Let’s get the skinny on how a split home loan works

Splitting your home loan means exactly what it sounds like – for part of your loan you pay a fixed rate and for the other part you pay a variable rate. Splitting your home loan into fixed and variable rate portions can give you both the certainty of a fixed rate and the flexibility of a variable rate. And the great part is, you get to choose how much of your loan you portion to each.

Split home loan pros and cons

Split home loans appeal to borrowers who like to hedge their bets. Depending on your personal situation, splitting your borrowings into fixed and variable rate portions can give you certainty over a portion of your repayments that are fixed, while giving you the opportunity to benefit from a favourable market with the other portion of your home loan that is variable.

A split home loan in action

But what kind of benefit can a split home loan really give you?
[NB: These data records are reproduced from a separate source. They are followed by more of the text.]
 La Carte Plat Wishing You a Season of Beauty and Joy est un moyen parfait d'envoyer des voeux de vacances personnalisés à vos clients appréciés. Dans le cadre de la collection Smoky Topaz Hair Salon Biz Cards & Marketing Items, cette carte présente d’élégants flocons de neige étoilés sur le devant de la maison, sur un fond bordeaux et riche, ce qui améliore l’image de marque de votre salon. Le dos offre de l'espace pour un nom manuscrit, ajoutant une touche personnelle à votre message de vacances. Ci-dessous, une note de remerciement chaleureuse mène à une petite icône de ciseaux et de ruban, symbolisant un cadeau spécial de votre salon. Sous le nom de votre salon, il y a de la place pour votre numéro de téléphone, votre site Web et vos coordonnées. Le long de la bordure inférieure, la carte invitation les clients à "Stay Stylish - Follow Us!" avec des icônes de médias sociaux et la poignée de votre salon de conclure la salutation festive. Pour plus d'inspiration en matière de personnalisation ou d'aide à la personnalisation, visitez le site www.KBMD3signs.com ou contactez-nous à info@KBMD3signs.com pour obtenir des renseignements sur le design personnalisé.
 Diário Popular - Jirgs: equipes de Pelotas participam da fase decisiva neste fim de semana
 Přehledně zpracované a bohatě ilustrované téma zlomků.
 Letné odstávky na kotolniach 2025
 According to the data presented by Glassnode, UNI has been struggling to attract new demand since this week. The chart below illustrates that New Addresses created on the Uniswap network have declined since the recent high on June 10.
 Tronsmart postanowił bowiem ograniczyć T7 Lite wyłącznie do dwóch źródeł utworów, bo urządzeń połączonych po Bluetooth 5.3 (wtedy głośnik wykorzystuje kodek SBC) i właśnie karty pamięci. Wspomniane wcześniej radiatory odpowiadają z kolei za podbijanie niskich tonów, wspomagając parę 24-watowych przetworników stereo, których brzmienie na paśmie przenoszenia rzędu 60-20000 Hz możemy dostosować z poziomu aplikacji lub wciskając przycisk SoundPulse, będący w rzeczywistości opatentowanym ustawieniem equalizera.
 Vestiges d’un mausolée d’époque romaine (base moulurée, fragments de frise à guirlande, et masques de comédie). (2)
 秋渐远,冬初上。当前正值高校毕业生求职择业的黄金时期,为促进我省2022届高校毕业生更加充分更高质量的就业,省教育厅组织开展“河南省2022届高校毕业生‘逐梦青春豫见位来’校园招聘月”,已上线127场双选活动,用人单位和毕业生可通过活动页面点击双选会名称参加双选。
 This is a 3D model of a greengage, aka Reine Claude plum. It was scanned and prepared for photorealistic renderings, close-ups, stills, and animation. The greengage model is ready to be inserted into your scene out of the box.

The easiest way to find out is to put some numbers to it.

As an example, suppose you have a $450,000 home loan and you split this into two separate loan accounts. One being a $250,000 variable rate split and the other being a $200,000 3 year fixed rate split.

  • The fixed rate split will have a rate locked in for 3 years with set repayments.
  • The variable rate split may change as market interest rates vary.

In this scenario, almost half of your loan is fixed, meaning you know exactly how much your monthly repayments will be on that portion for 3 years. This reduces the variability you need to allow for in your budget.

On the other hand, you are able to make unlimited additional repayments into the variable rate split, access redraw and offset funds against the loan to save on interest costs.